Water resources management in the Central Rift Valley in Ethiopia
Tutor / director / evaluatorPérez Foguet, Agustí
Document typeMinor thesis
Rights accessOpen Access
The Ethiopian Central Rift Valley (CRV) is part of the Great African Rift and encompasses four major lakes on the rift floor. It is situated in the administrative regions Oromiya and the Southern Nations Nationalities and Peoples Region (SNNPR), and covers an area of approximately 10,000 km2 . The total population of the CRV is approximately 1.5 million. The natural resources of the area are under enormous pressure due to human influences. The lakes and their influent rivers are used for irrigation, soda abstraction, fish farming, recreation, and also support a wide variety of endemic birds and wild animals . One of the developments in the past decades is the introduction and rapid expansion of irrigated agriculture. Smallholder farmer irrigation schemes as well as large scale private and state farms have been established during the last decades.
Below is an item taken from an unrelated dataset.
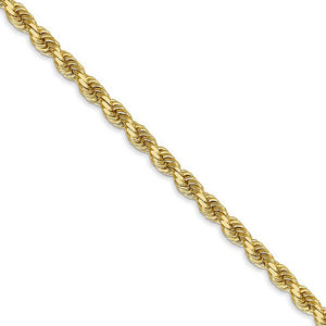 Spiraling rope chain necklaces made of 14k yellow gold enhanced with diamond-cuts are extremely popular because they offer a classic style with maximum shine. Measures 3.5mm in width by 22-inches in length and features a solid link design with a lobster-claw clasp.

A recent development is the introduction of foreign investment in closed vegetable and flower production systems . In the pastoral areas, food insecurity is a major problem and a significant proportion of the population rely on relief assistance from external agencies. One of the main causes of poverty in the CRV is the low level of agricultural productivity. The condition of any smallholder irrigation schemes is poor which contributes to inefficient use of water and high irrigation costs . Many irrigation schemes are constructed with governmental or non-governmental support, but operational and maintenance support is often lacking or only partly received . Currently, water is used in the CRV without planning or regulation and without monitoring. The Government of Ethiopia has created policies, strategies, proclamations and development programme to achieve MDGs targets. Each document appears feasible on paper, but constraints in Ethiopia’s water sector have restricted policy success. While there are policies in place that promote efficient utilization of the available water resources, they are not being implemented because of financial and humanpower constraints and problems of stakeholder coordination and participation, among other reasons. The implementation of a Water Point Mapping (WPM) supported by NGOs in the CRV may help in this regard, because in the short term, WPM may serve as a avaluable planning tool for the local level governments.